Du hast also noch eine 1TB WD HD im PC?

Wie sehen da die Daten von HD-Tune aus?


----------



## goascha (9. Dezember 2020)

wuselsurfer schrieb:


> Welche Spannungen hat der PC:
> https://www.hwinfo.com/ (SENSORS) ?


was soll ich auf der Seite downloaden?


wuselsurfer schrieb:


> Wurde die Wärmeleitpaste der CPU mal erneuert?


habe den PC seit ca. 1,5 Jahren, ist das schon grenzwertig?


wuselsurfer schrieb:


> Welches BIOS wird verwandt:
> https://www.cpuid.com/softwares/cpu-z.html - Reiter Mainboard - Kasten BIOS - Feld Version ?


Das hier ist mein Bios:


wuselsurfer schrieb:


> Du hast also noch eine 1TB WD HD im PC?
> 
> Wie sehen da die Daten von HD-Tune aus?


auch bei der ist (anscheinend) alles ok

Hab mich übrigens auch noch in dem Forum durchgelesen:
Dort waren auch viele nützliche Vorschläge, die ich auch ausprobiert habehttps://www.computerbase.de/forum/t...astung-bild-friert-dann-komplett-ein.1916533/


----------



## wuselsurfer (9. Dezember 2020)

goascha schrieb:


> was soll ich auf der Seite downloaden?


HWinfo.



goascha schrieb:


> habe den PC seit ca. 1,5 Jahren, ist das schon grenzwertig?


War das ein Fertiggerät?
Wenn ja, wo hast Du den PC gekauft?



goascha schrieb:


> Das hier ist mein Bios:


Da gibt es etwas neues:
https://rog.asus.com/nz/motherboards/rog-strix/rog-strix-b450-f-gaming-model/helpdesk_download/  .



goascha schrieb:


> Hab mich übrigens auch noch in dem Forum durchgelesen:
> Dort waren auch viele nützliche Vorschläge, die ich auch ausprobiert habehttps://www.computerbase.de/forum/t...astung-bild-friert-dann-komplett-ein.1916533/


Sind alle Windowsupdates installiert?


----------



## goascha (10. Dezember 2020)

wuselsurfer schrieb:


> War das ein Fertiggerät?
> Wenn ja, wo hast Du den PC gekauft?


Habe ich mir bei Alternate konfiguriert und zusammen bauen lassen


wuselsurfer schrieb:


> Sind alle Windowsupdates installiert?


ja


----------



## DJMCM (10. Dezember 2020)

Sortiere im Windows Task-Manager in der Registerkarte "Prozesse" mal nach Datenträger und poste den Screenshot.


----------



## goascha (10. Dezember 2020)

@DJMCM

wie gesagt, das passiert in unregelmäßigen Abständen.
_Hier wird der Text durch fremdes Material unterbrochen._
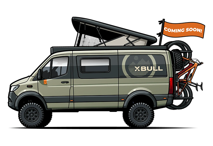 Het begon allemaal met de X740, een 7,36 meter lange camper op de Mercedes Sprinter. De enkele bedden achterin (1,35 x 2,00 meter) bieden twee slaapplaatsen. Meer reizigers? Dan is het mogelijk om voor een verwarmde daktent te kiezen en zo nog twee slaapplaatsen te creëren. Van de zitgroep voorin is ook een relaxte lounge te maken. De XBULL X740 is verkrijgbaar in drie uitrustingen: basis, expeditie en ultimate.

So sieht er im Normalfall aus.


----------



## DJMCM (10. Dezember 2020)

@goascha 
Der Normalfall ist uninteressant. 
Poste einen Screenshot von der Auslastung, wenn die SSD Zugriffe wieder bei 100% liegen.


----------



## goascha (10. Dezember 2020)

Werde ich machen, habe mich gestern noch in einem anderen Forum schlau gemacht und ein paar Einstellungen übernommen. Bis jetzt ist der Aussetzer nicht mehr aufgetaucht, aber das heißt nichts, da es immer im unerwartensten Moment passiert. Ich melde mich dann


----------



## goascha (20. Dezember 2020)

Das Problem scheint behoben, nach einer exzessiven Test-Session gabs nicht einen Hänger mehr. Ursache war eine Einstellung im Energiesparplan / AHCI Link Power managment. Bin hier auf CB über die Lösung gestolpert:



> Zitat von Tomyyyisda:
> für alle die das selbe Problem haben erkläre ich es jetzt einfach : Zuerst gibt Regedit bei Widows im Suchtext ein. Öffnet dieses Programm. Jetzt Musst ihr nach einen Bestimmt Ordner suchen HKEY_LOCAL_MACHINE er führt euch dann wieder zu anderen Unterordner SYSTEM wäre das nächste. Um Die jetzt nicht alle einzel anzugeben Kopiere ich jetzt den Pfad hier rein und der / zeigt den die Trennung zum nächsten Ordner an : "HKEY_LOCAL_MACHINE\SYSTEM\CurrentControlSet\Control\Power\PowerSettings\0012ee47-9041-4b5d-9b77-535fba8b1442\0b2d69d7-a2a1-449c-9680-f91c70521c60 bei den letzten Ordner öffnen sich noch zahlen von Ordner diese braucht ihr aber nicht zubeachten. 0b2d69d7-a2a1-449c-9680-f91c70521c60 das ist der letzte was ihr dort anklickt. dann guckt ihr auf die rechte Seite des Bildschirm und seht "Attributes" das öffnen und den Wert 1 auf 2 Stellen . Programm schließen ! Jetzt in der Windows such eingabe Energiesparplan eingeben und öffnen und auf erweiterte Einstellung gehen. Dann wird euch AHCI Link Power managment angezeigt. Drauf klicken und bei den Einstellung Aktiv anklicken. Und schon müsste wieder alles funktionieren.



Danke an alle für die Hilfe.


----------



## fotoman (21. Dezember 2020)

goascha schrieb:


> Das Problem scheint behoben, nach einer exzessiven Test-Session gabs nicht einen Hänger mehr. Ursache war eine Einstellung im Energiesparplan / AHCI Link Power managment. Bin hier auf CB über die Lösung gestolpert:


Also exakt das, was in dem in Beitrag #2 verlinkten Beitrag auch schon genannt wird.


----------